Atualmente, segundo o deputado, o mesmo medicamento está custando R$ 25,00. “A gente percebe que a cada nova onda [..] estes grupos ainda tentam aumentar os medicamentos.” “A CPI já está cumprindo seu papel de evitar estas elevações de preços horizonteantes.”

A Comissão

A CPI foi constituída para investigar os aumentos exorbitantes de preços de medicamentos e insumos utilizados no tratamento dos pacientes da Covid-19 no RS. A Comissão está ouvindo representantes do setor público e privado e da indústria farmacêutica para apurar as razões do aumento exorbitante desses medicamentos.

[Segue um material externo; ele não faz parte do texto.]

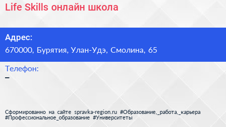 Life Skills, онлайн-школа по адресу 670000, Бурятия, Улан-Удэ, Смолина, 65 в дальнейшем Организация, размещена в следующих категориях:

A comissão tem poderes de investigação próprios das autoridades judiciais, podendo apontar irregularidades, ilegalidades, crimes e provocar o indiciamento de responsáveis.

Conforme Duarte, mais de 60 oitivas, com direções de hospitais e médicos, foram realizadas. Além disso, houveram mais de 30 inspeções técnicas nos municípios. Na próxima semana ocorrerá a quebra do sigilo fiscal de mais de 550 mil notas fiscais de medicamentos.